Opinions expressed are those of the author, not of the institution.

-----Original Message-----
From: owner-statalist@hsphsun2.harvard.edu
[mailto:owner-statalist@hsphsun2.harvard.edu] On Behalf Of Nick Cox
Sent: 18 March 2007 16:46
To: statalist@hsphsun2.harvard.edu
Subject: st: RE: RE: Significance stars

Thanks for your testimony. Naturally, real life 
is complicated and short. I too sometimes use 
P < 0.05 as an indicator of what's worth taking
seriously, although always in combination with
other criteria. And I too sometimes compromise 
reluctantly with reviewers for the sake of getting
a paper published. 

All I can say on the last is that the Stata Journal
disapproves very mightily! 

What I find interesting is the apparent lack of 
_any_ good reason for starring. The social facts that 
many people do it and that a few people even insist on 
it are not in question.
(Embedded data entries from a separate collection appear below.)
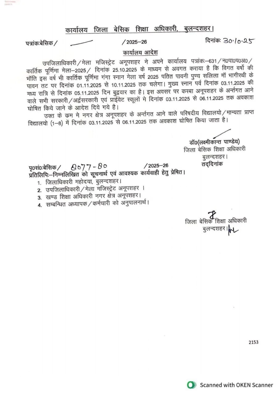 उक्त के कम मे नगर क्षेत्र अनूपशहर के अन्र्तगत आने वाले परिषदीय विद्यालयो / मान्यता प्राप्त विद्यालयो (1-8) में दिनांक 03.11.2025 से 06.11.2025 तक अवकाश घोषित किया जाता है।
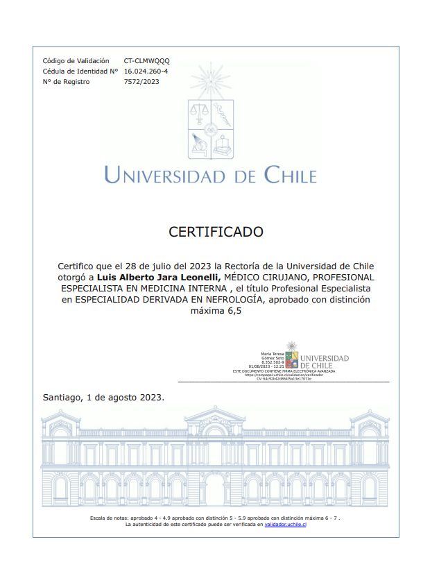 Nefrólogo formado en la Universidad de Chile. Experiencia laboral en Hospitales y Clínicas.
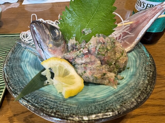 ▼鯵のなめろうはお酢をちょっとつけていただく
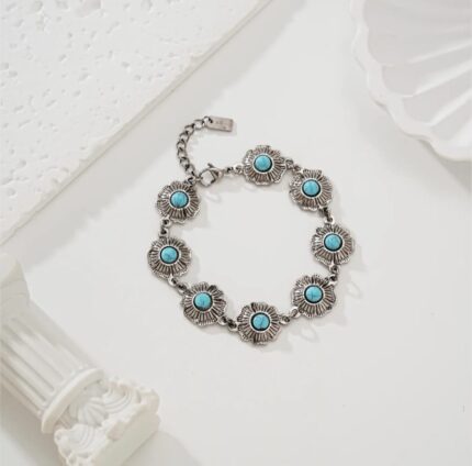 Bracelet Fleurs Acier inoxydable et pierres turquoise – esprit bohème chic

It's the rationale I seek. 

Nick 
n.j.cox@durham.ac.uk 

Anderson, Bradley J
 
> Interesting history regarding the use of * and ** and I 
> strongly agree with your comments.  Unfortunately, many 
> editors and reviewers regard a certain level of Type I error 
> (usually < .05) as a sacred criterion that defines what's 
> important, and what's not important.  And what gets published 
> and what does not get published.  Indeed, I've had editors 
> who have required us to remove p-values and confidence 
> intervals in favor of * and **.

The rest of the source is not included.